Dat filmproducenten zo geïnteresseerd zijn in klassiek theater hoeft niet te verbazen, aldus het Engelse filmtijdschrift Premiere. Kenneth Branagh heeft met Henry V (1989) en Much Ado About Nothing (1993) laten zien dat er geld te verdienen valt met het verfilmen van Shakespeare. Bovendien gaat het om relatief goedkope produkties: de schrijver zeurt nooit over rechten en de acteurs zijn bereid om voor lagere gages te werken omdat de karakterrollen, met verhoogde kans op een prijs, voldoende compensatie bieden. De associatie met Shakespeare geeft automatisch een sjiek tintje aan de film. En misschien nog wel het grootste voordeel: het materiaal deugt, want het heeft vier eeuwen overleefd.

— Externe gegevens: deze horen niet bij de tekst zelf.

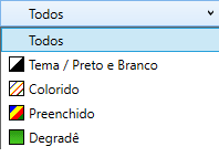 Aqui você seleciona o categoria de desenhos que será listada, são cinco opções: Tema (desenhos preto e branco), Colorido, Preenchido, Degrade e Todos (lista todos os tipos de desenhos).
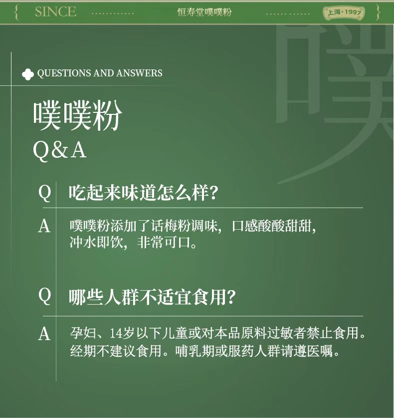 【品名】恒寿堂 噗噗粉 人参火麻仁膳食纤维粉 【规格】 6条*4盒(到手24条 疗程装) 10条*5盒(到手50条 周期装) 【产地】国内 【保质期】24个月 【发货包装】独立包装 【发货地】安徽 【发货快递】极兔、圆通、EMS随机发 【不发货区域】新疆、西藏、港澳台 【补邮费地区】内蒙古、宁夏、甘肃、青海、海南+6元/单 【发货时效】48-72小时,周末节假日顺延 |

Ogenschijnlijk vormt dat verschil tussen zestiende en twintigste eeuw tevens een belangrijk obstakel, maar in de praktijk trekken filmmakers zich daar weinig van aan. Niets let een regisseur om de originele setting in te ruilen voor een hedendaags decor, en dat wordt dan ook veelvuldig gedaan. Hamlet in een leren broek, daar kijkt niemand meer van op. Bovendien, zo zal iedere regisseur beweren, zijn Shakespeare’s onderwerpen niet aan tijd gebonden. Kijk maar naar Tromeo & Juliet, de laatste produktie van de beruchte firma Troma, die in Cannes buiten het officiële programma werd vertoond met de aanbeveling: “Body piercing. Kinky sex. Dismemberment. The things that made Shakespeare great.”
Verwarrend geheel
Het is dan ook niet de verplaatsing van het koningsdrama naar deze eeuw die Richard III tot een bijzondere film maakt. Dat idee was bovendien van toneelschrijver Richard Eyre, wiens gelijknamige toneelstuk tot filmscenario werd bewerkt door Loncraine en hoofdrolspeler Ian McKellen. De originaliteit van de film schuilt eerder in het onbestemde tijdsbeeld en de spectaculaire vormgeving van die tijd, in combinatie met het behoud van de oorspronkelijke tekst en bijbehorende emoties. Richard III speelt zich af in een omgeving die nog het meest lijkt op Engeland in de jaren dertig. Gebouwen, attributen en kostuums vormen echter een verwarrend geheel en verbeelden de opkomst van zwarte-hemden-tirannie in heel Europa, voorafgaande aan de oorlog. Met behulp van computeranimaties worden de decors extra uitvergroot en wordt Londen opgeblazen tot de fascistische hoofdstad van Europa.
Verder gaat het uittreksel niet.